自己最多となる134球の力投に報いたのは、中川圭太内野手(29)だった。両チーム無得点だった9回2死で7号ソロ。プロ7年目で初の劇弾を放った。同じ1996年生まれの2人が投打で貢献。お立ち台でそろい踏みした。

 力を出し切った田嶋に、ハッピーエンドが待っていた。「純粋に圭太がすごいな、って。もう感激、感激ですね…」。自己最多の134球を投げ切り、ベンチで味方を応援。9回2死だった。中川がプロ7年目で初のサヨナラ弾。6月19日の中日戦(バンテリンD)以来の5勝目が贈られた。

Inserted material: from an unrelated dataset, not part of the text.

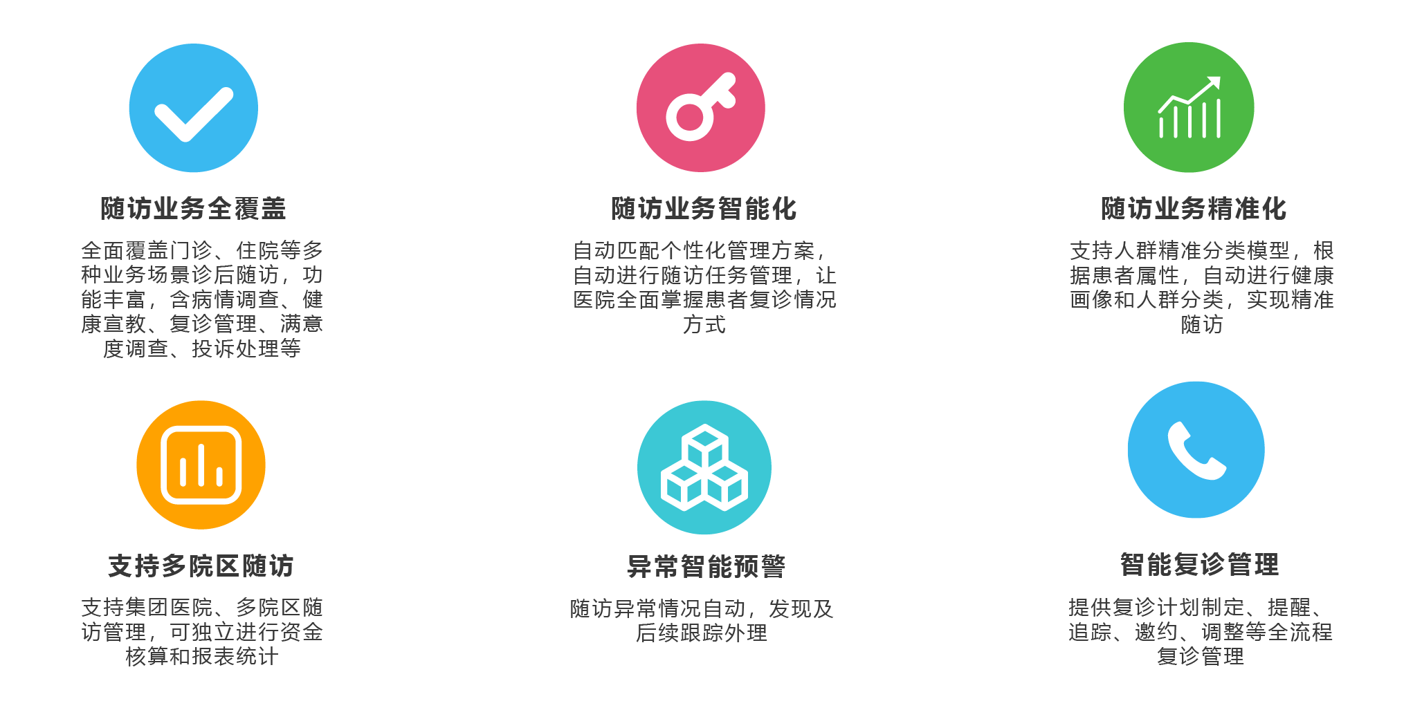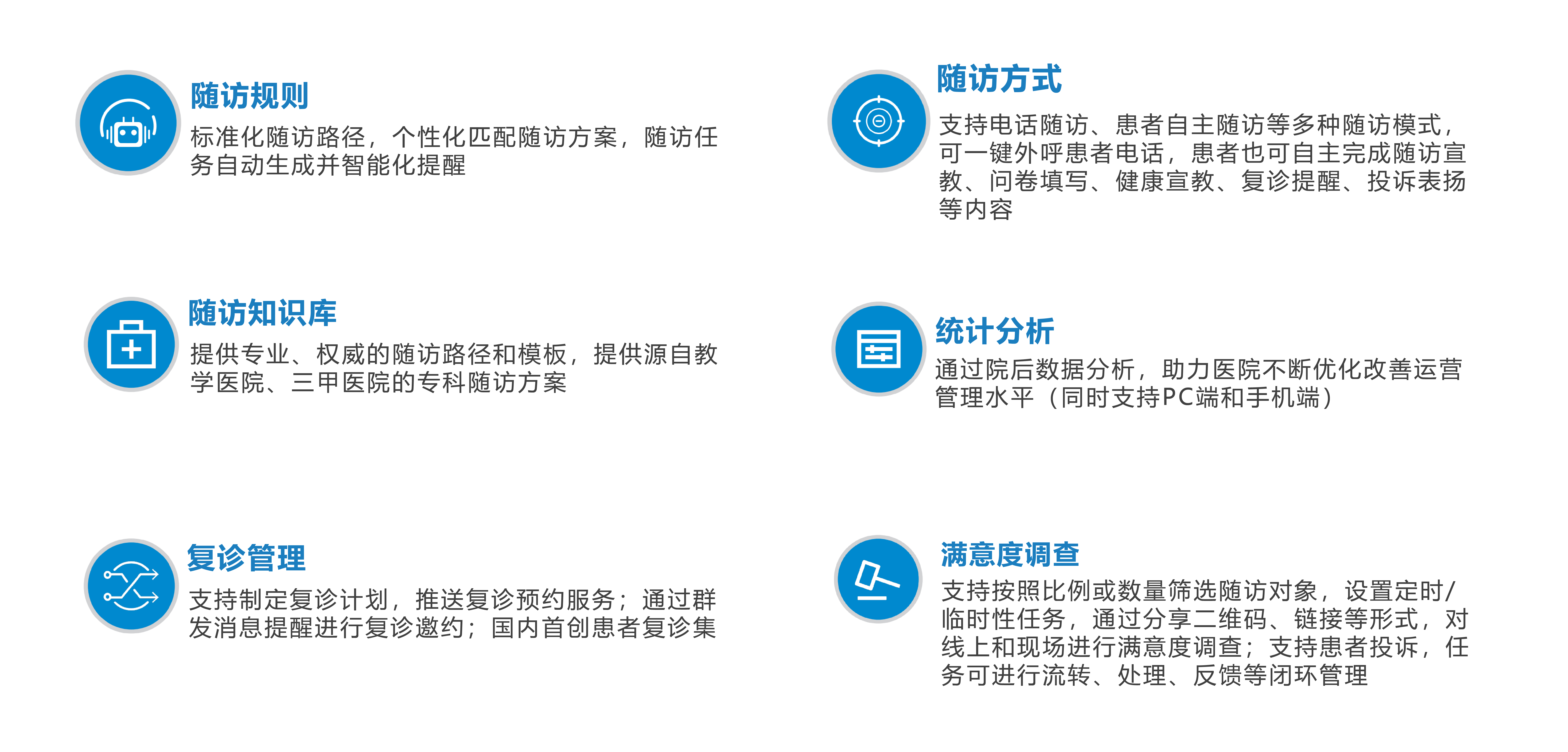 智能隨訪系統(tǒng)是運用互聯(lián)網(wǎng)、物聯(lián)網(wǎng)和人工智能等技術,將患者院內(nèi)外醫(yī)療服務與健康管理相結合,以診后隨訪、智能宣教、復診提醒、健康監(jiān)測、醫(yī)護患溝通等為患者管理主要手段,為不同類型醫(yī)療機構打造一站式的隨訪方案,為醫(yī)院提供院級隨訪、門診患者隨訪、住院患者隨訪、重點專案隨訪等符合不同應用場景的隨訪方案。

 通算131試合はすべて先発。4度の完投はすべて完封、シーズン2度の完封勝利も初めてだった。「なるべくエネルギーを」とイニング間は水やスポーツドリンクではなく、オレンジジュースやリンゴジュースで補給。適度な糖分で脳内も活性化された様子で、9回2死一塁では小郷をけん制で刺し、無四球と制球もさえた。

 昨年に結婚し、第1子も誕生した。8月には29歳。生え抜きの先発として視野も広げている。「この投げ方なら、腰に負担が来ないんじゃない?」。大阪・舞洲で残留練習したある時には、成長過程による腰のコンディションから復帰を目指す山下に助言。自身と反対の右投げでも実演し、後輩の助けになろうとした。

 頓宮、宗ら96年生まれは個性あふれる主力ばかり。試合を決めた中川も、田嶋をリスペクトする一人だ。

「黙々と自分のやるべきことを毎日、こつこつとやっている。陰の努力とか勉強するところは多いです」。

 今季7度目の劇勝で、チームの連敗も3でストップ。サヨナラ本塁打&完投による完封勝利は77年以来、球団48年ぶりだ。お立ち台でそろい踏みし「型にハマらず、水のようにいろんな形に変えられるように」と究極の理想を思い描いた左腕。寡黙で、やるときはやる。球宴前の最終登板で、男を上げた。(長田 亨)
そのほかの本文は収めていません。